If history rhymes, the AI boom is humming the tune of the dot-com bubble — this time with trillion-dollar tempo. Money is flooding into artificial intelligence from every direction, but much of it is circulating inside the same closed loop:

Big Tech funds AI startups → those startups buy cloud compute and chips from Big Tech → investors reward Big Tech for AI growth → valuations rise → more capital pours in.

It’s a self-reinforcing system that inflates faster than real-world value can catch up. The parallels with the late-1990s are striking: massive capital chasing “inevitable” technological change, record valuations unbacked by profits, and a public market dazzled by buzzwords.

Then, it was dot-coms promising to “change everything.” Now, it’s AI promising to “transform everything.”

The difference is scale. The dot-com bubble was measured in billions; the AI race is measured in trillions — from hyperscale data centers to chip supply chains[1]. Giants like Nvidia, Microsoft, and Amazon are both financiers and beneficiaries of the same boom they’re fueling.

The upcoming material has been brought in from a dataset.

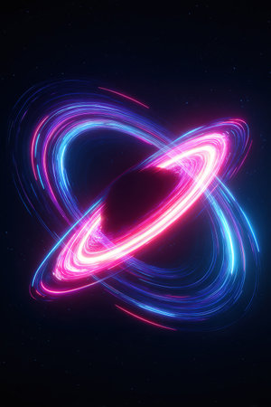 A captivating illustration of Earth in space, beautifully surrounded by luminous rings and vibrant trails, symbolizing the wonders of our universe and cosmic phenomena.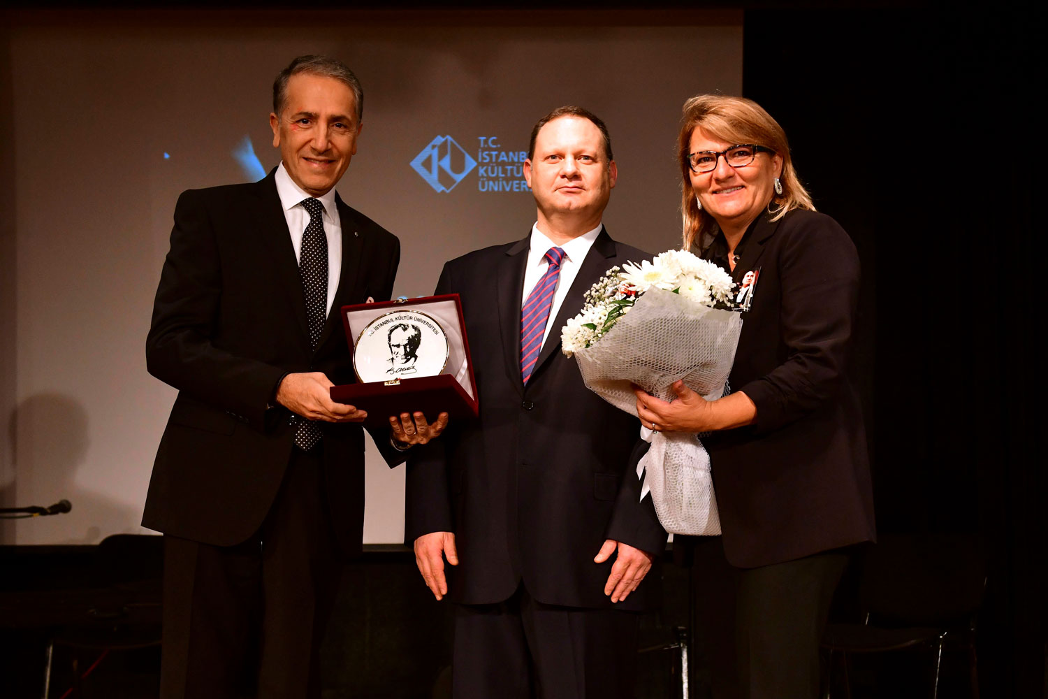 İstanbul Kültür Üniversitesi Mütevelli Heyet Başkanı Dr. Bahar Akıngüç Günver, İstanbul Kültür Üniversitesi Rektörü Prof. Dr. Erhan Güzel, Rektör Yardımcısı Prof. Dr. Nihal Sarıer, dekanlarımız, akademik-idari personel ve öğrencilerimizin katıldığı törende; İKÜ İşaret Dili Korosu’nun eşliğinde okunan İstiklal Marşı’nın ardından Tarihçi&Türkolog Dr. Sayın Ali Suat Ürgüplü “Neden Atatürk?” başlıklı konuşmasını gerçekleştirdi.

The risk isn’t that AI will fail — it won’t — but that its financial ecosystem is folding in on itself. When growth feeds on investment rather than adoption, the loop inevitably breaks. The last time we saw this dynamic, it ended in a crash that erased two-thirds of the NASDAQ[2]. Today, the numbers — and the feedback loops — are even larger, and the investor euphoria around AI carries a familiar echo of the dot-com bubble — a signal worth heeding.

Footnotes

  1. Morgan Stanley Report — Global data center investment outlook, February 2024.

  2. NASDAQ Historical Data — Dot-com crash timeline, March 2000 to October 2002.